WORK INSTRUCTIONS: In your copy of the data, keep every word exact and include no pictures.

[TASK INPUT — start]

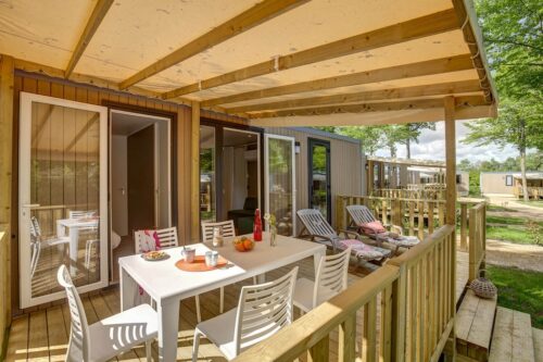Deze gelijkvloerse cottage voor 4 personen heeft een woonkamer met zithoek en televisie. In de open keuken vind je onder andere een vaatwasser, magnetron en een filter koffiezetapparaat. Er zijn 2 slaapkamers, waarvan 1 met een tweepersoonsbed en 1 met 2 eenpersoonsbedden. Daarnaast zijn er 2 badkamers met een douche en 2 aparte toiletten. De cottage heeft verder een overdekt terras met tuinmeubilair en 2 zonneligbedden. Parkeren kan op de centrale parkeerplaats.
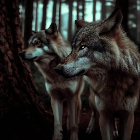 Amidst shadows dark forest adult wolf keeps vigilant watch its curious cub embodying bond family and natures beauty.
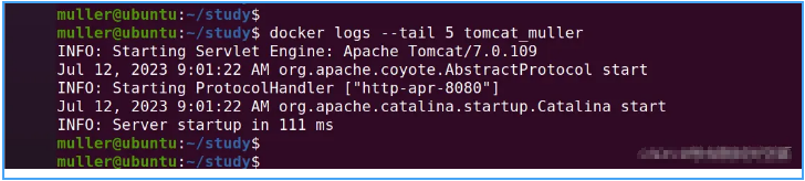 如果我们要查看tomcat_muller前5行的日志,命令如下:
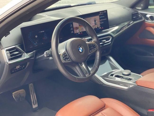 BMW M440i 2024 Model 3.0L V6 TURBO (B58) X-Drive 16000 Km only!!!!! M BROOKLYN Gray Color Beige leather with Carbon Fiber Interior trim finishers Korean imported In perfect condition Full Option (Sun roof _ 360 camera _ single curved (12.3” + 14.9”) big screen _ M active exhaust _ Head-up Display _ radar _ road assist _ Blind Spot _ self-barking _ adaptive LED with Laser Lights _ Carbon Fiber Interior trim finishers _ remote start _ approaching auto unlock _ M Sport brakes _ M Sport suspension _Drive modes (sport – Sport+) _ Ambient Light _ rims _ wireless charging _ Ap
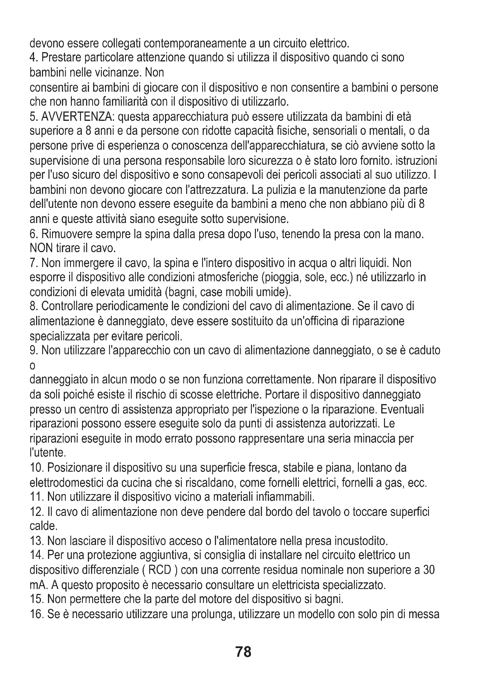 220-240 V ~ 50/60 Hz. Per aumentare la sicurezza d'uso, molti dispositivi elettrici non (IT) ITALIANO78
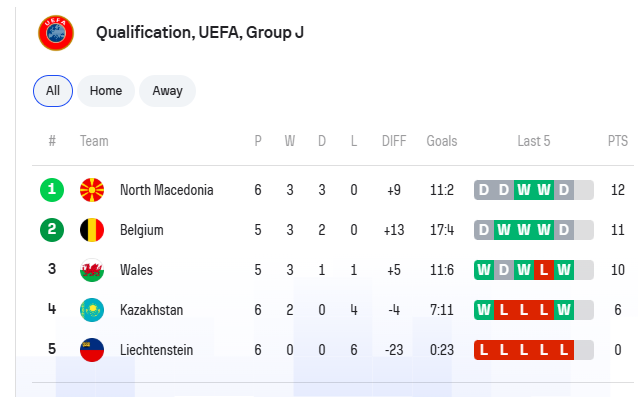 Pas këtij barazimi, Maqedonia e Veriut mbetet në krye të grupit me 12 pikë, e ndjekur nga Belgjika me 11 dhe Uellsi me 10 pikë, që ka një ndeshje më pak. Sfida e radhës për kuqeverdhët do të jetë të hënën, në Shkup, ndaj Kazakistanit, ku do të kërkojnë të mbajnë ritmin e jashtëzakonshëm drejt ëndrrës së Botërorit 2026.
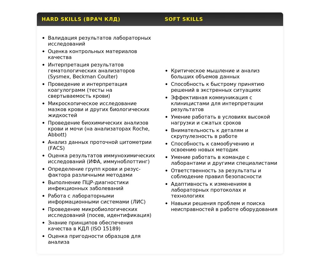 Навыки: Выполнение полного спектра клинико-лабораторных исследований, работа с гематологическими и биохимическими анализаторами, знание нормативной базы, клиентоориентированность, навыки работы с компьютером (MS Office, специализированное ПО).
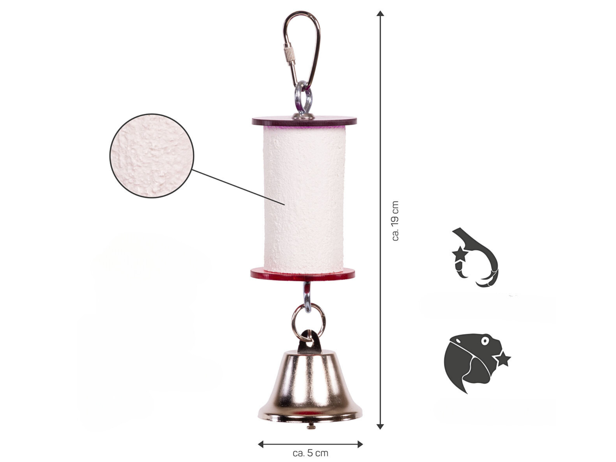 Závěsný pískovec se zvonkem L | Hračka zabraňující nadměrnému růstu zobáku | pro střední a velké papoušky
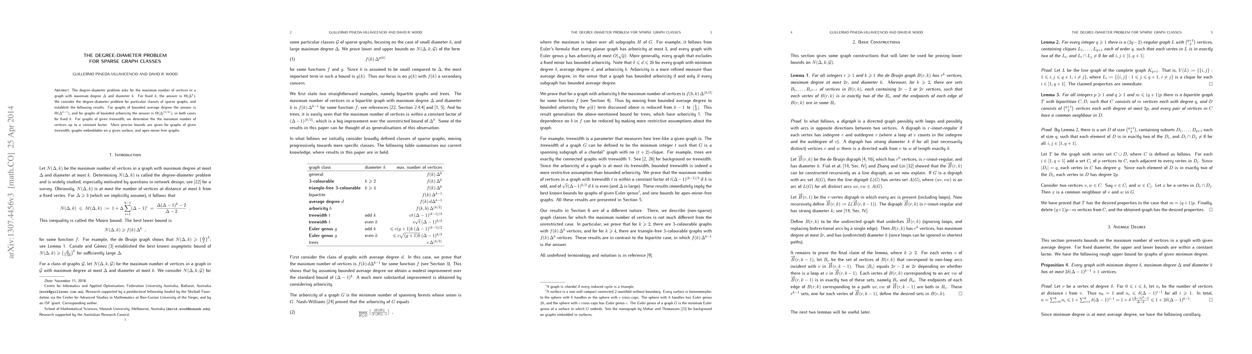The paper investigates the degree-diameter problem for specific sparse graph classes, establishing bounds on the maximum number of vertices in terms of degree and diameter.
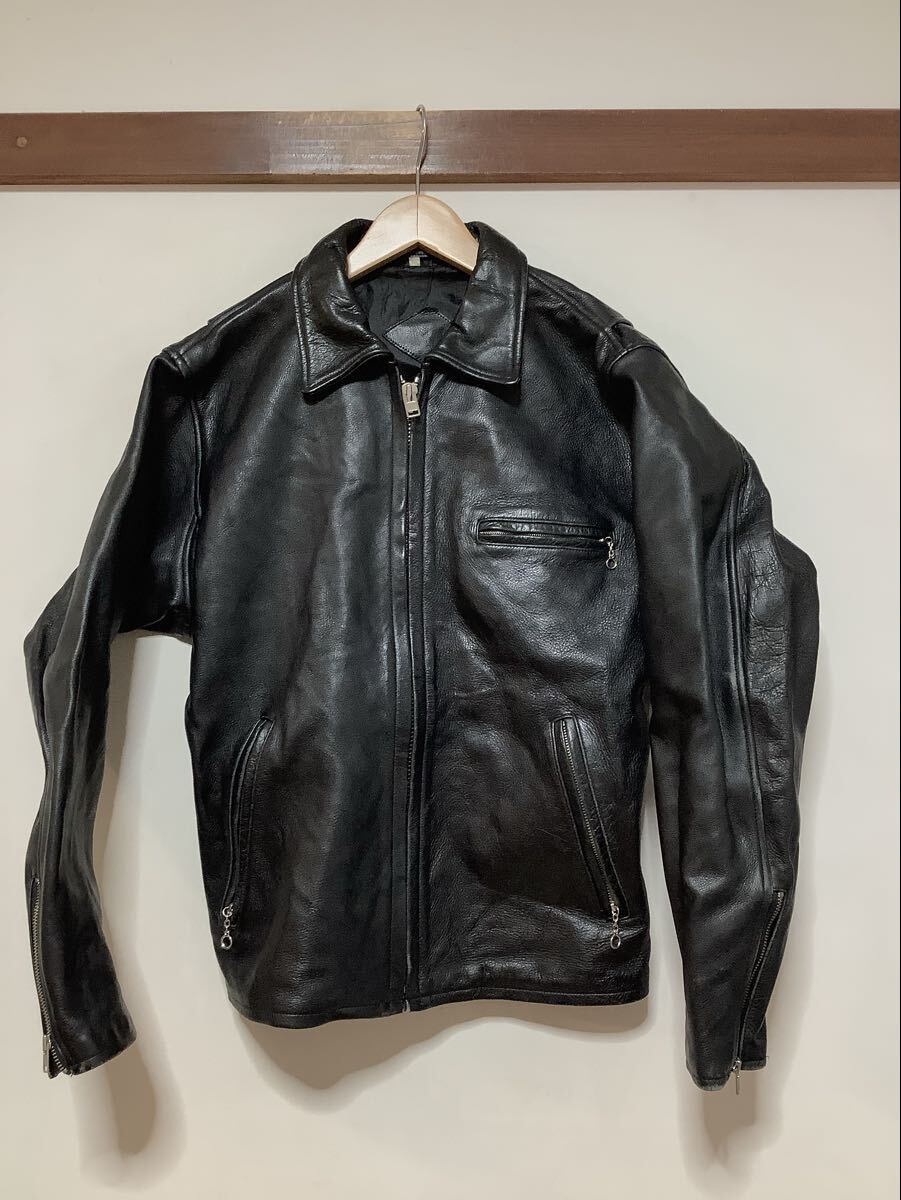 - と1751 ノーブランド レザーライダースジャケット シングルライダースジャケット L ブラック
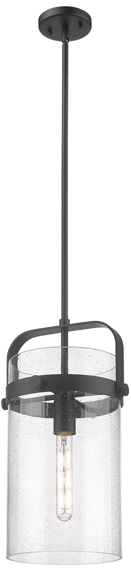 Pilaster 9.38" Wide Stem Hung Matte Black Pendant With Seedy Shade
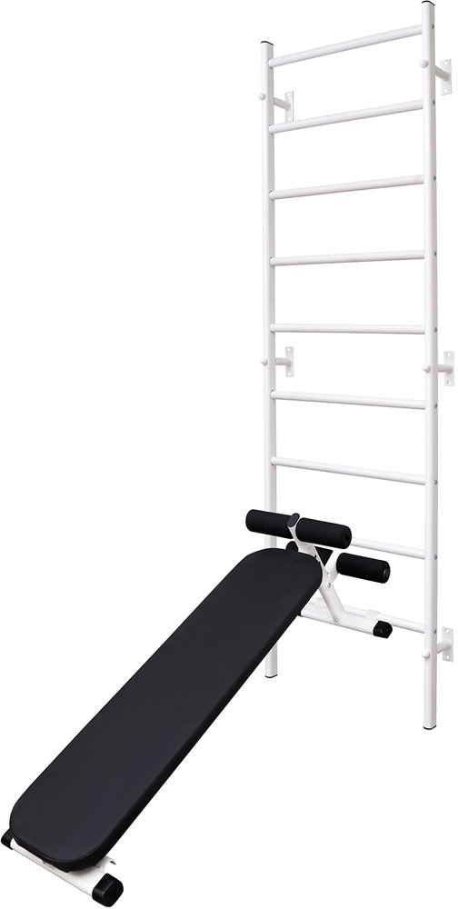 Прямая скамья для пресса. Подходит для выполнения: пресса, жима штанги, жима гантелей (лёжа, сидя, нагнувшись), растяжки. Регулировка угла наклона спинки. Валики фиксаторы для ног. Стальная рама, профиль 40 мм. Складная конструкция. Максимальный вес пользователя: 250 кг. Размеры: 135x30x40 см. Вес: 11 кг. Цвет: белый.
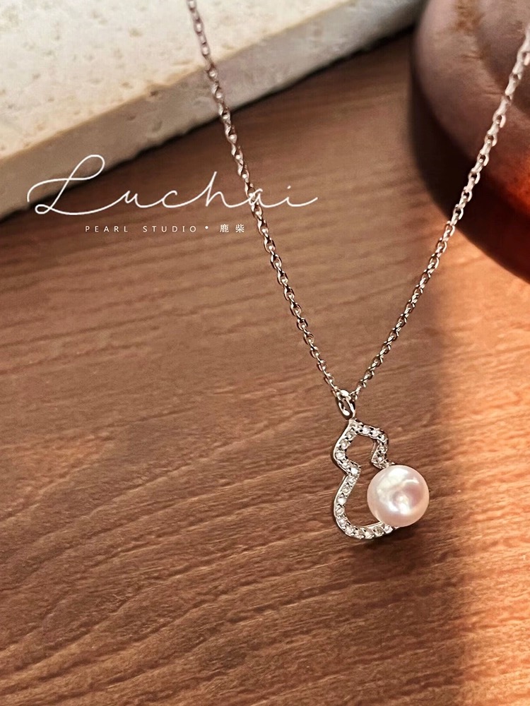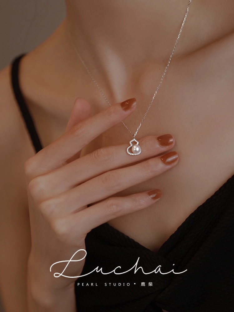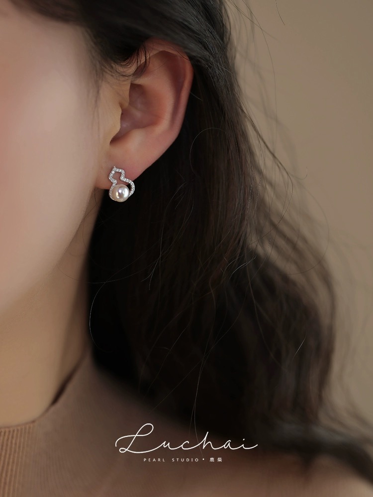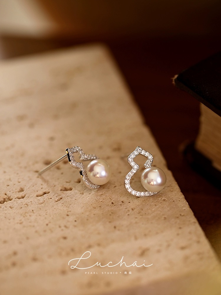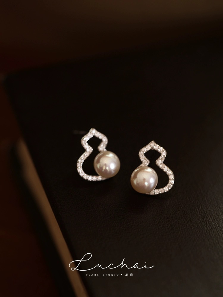天然淡水湖纯银葫芦吊坠耳环套盒
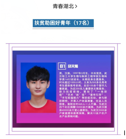 邱天赐,男,汉族,1997年3月生,中共党员,武汉轻工老员工物与制药工程公司生物科学类1602班班长。长期投身志愿服务,时长超过1000小时。义务为300多名高考考生提供报考咨询,走访100余个留守儿童家庭,为近200名儿童提供支教服务。助力抗疫前线,策划了“一线防疫”“艺术‘战’役”、“宣传引导”、“手写祝福接力”等防疫活动。参与群防群控,开展入户体温测量、往返人员排查,做到全村465人一人不漏。为武汉四个社区捐赠15000余斤蔬菜,为武汉提供40000余斤爱心蔬菜包,为武汉2000余户家庭提供蔬菜保障,解决10余户农户农产品滞销问题。
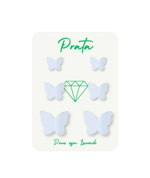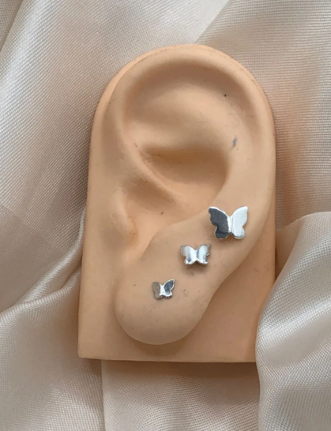 Trio de Brincos de Borboleta de Prata 925, 4mm, 5mm e 6mm. Modelo fixo, confeccionados em Prata Legítima.

[TASK INPUT — finish]

WRITTEN ANSWER:
Deze gelijkvloerse cottage voor 4 personen heeft een woonkamer met zithoek en televisie. In de open keuken vind je onder andere een vaatwasser, magnetron en een filter koffiezetapparaat. Er zijn 2 slaapkamers, waarvan 1 met een tweepersoonsbed en 1 met 2 eenpersoonsbedden. Daarnaast zijn er 2 badkamers met een douche en 2 aparte toiletten. De cottage heeft verder een overdekt terras met tuinmeubilair en 2 zonneligbedden. Parkeren kan op de centrale parkeerplaats.
 Amidst shadows dark forest adult wolf keeps vigilant watch its curious cub embodying bond family and natures beauty.
 如果我们要查看tomcat_muller前5行的日志,命令如下:
 BMW M440i 2024 Model 3.0L V6 TURBO (B58) X-Drive 16000 Km only!!!!! M BROOKLYN Gray Color Beige leather with Carbon Fiber Interior trim finishers Korean imported In perfect condition Full Option (Sun roof _ 360 camera _ single curved (12.3” + 14.9”) big screen _ M active exhaust _ Head-up Display _ radar _ road assist _ Blind Spot _ self-barking _ adaptive LED with Laser Lights _ Carbon Fiber Interior trim finishers _ remote start _ approaching auto unlock _ M Sport brakes _ M Sport suspension _Drive modes (sport – Sport+) _ Ambient Light _ rims _ wireless charging _ Ap
 220-240 V ~ 50/60 Hz. Per aumentare la sicurezza d'uso, molti dispositivi elettrici non (IT) ITALIANO78
 Pas këtij barazimi, Maqedonia e Veriut mbetet në krye të grupit me 12 pikë, e ndjekur nga Belgjika me 11 dhe Uellsi me 10 pikë, që ka një ndeshje më pak. Sfida e radhës për kuqeverdhët do të jetë të hënën, në Shkup, ndaj Kazakistanit, ku do të kërkojnë të mbajnë ritmin e jashtëzakonshëm drejt ëndrrës së Botërorit 2026.
 Навыки: Выполнение полного спектра клинико-лабораторных исследований, работа с гематологическими и биохимическими анализаторами, знание нормативной базы, клиентоориентированность, навыки работы с компьютером (MS Office, специализированное ПО).
 Závěsný pískovec se zvonkem L | Hračka zabraňující nadměrnému růstu zobáku | pro střední a velké papoušky
The paper investigates the degree-diameter problem for specific sparse graph classes, establishing bounds on the maximum number of vertices in terms of degree and diameter.
 - と1751 ノーブランド レザーライダースジャケット シングルライダースジャケット L ブラック
 Pilaster 9.38" Wide Stem Hung Matte Black Pendant With Seedy Shade
 Прямая скамья для пресса. Подходит для выполнения: пресса, жима штанги, жима гантелей (лёжа, сидя, нагнувшись), растяжки. Регулировка угла наклона спинки. Валики фиксаторы для ног. Стальная рама, профиль 40 мм. Складная конструкция. Максимальный вес пользователя: 250 кг. Размеры: 135x30x40 см. Вес: 11 кг. Цвет: белый.
天然淡水湖纯银葫芦吊坠耳环套盒
 邱天赐,男,汉族,1997年3月生,中共党员,武汉轻工老员工物与制药工程公司生物科学类1602班班长。长期投身志愿服务,时长超过1000小时。义务为300多名高考考生提供报考咨询,走访100余个留守儿童家庭,为近200名儿童提供支教服务。助力抗疫前线,策划了“一线防疫”“艺术‘战’役”、“宣传引导”、“手写祝福接力”等防疫活动。参与群防群控,开展入户体温测量、往返人员排查,做到全村465人一人不漏。为武汉四个社区捐赠15000余斤蔬菜,为武汉提供40000余斤爱心蔬菜包,为武汉2000余户家庭提供蔬菜保障,解决10余户农户农产品滞销问题。
 Trio de Brincos de Borboleta de Prata 925, 4mm, 5mm e 6mm. Modelo fixo, confeccionados em Prata Legítima.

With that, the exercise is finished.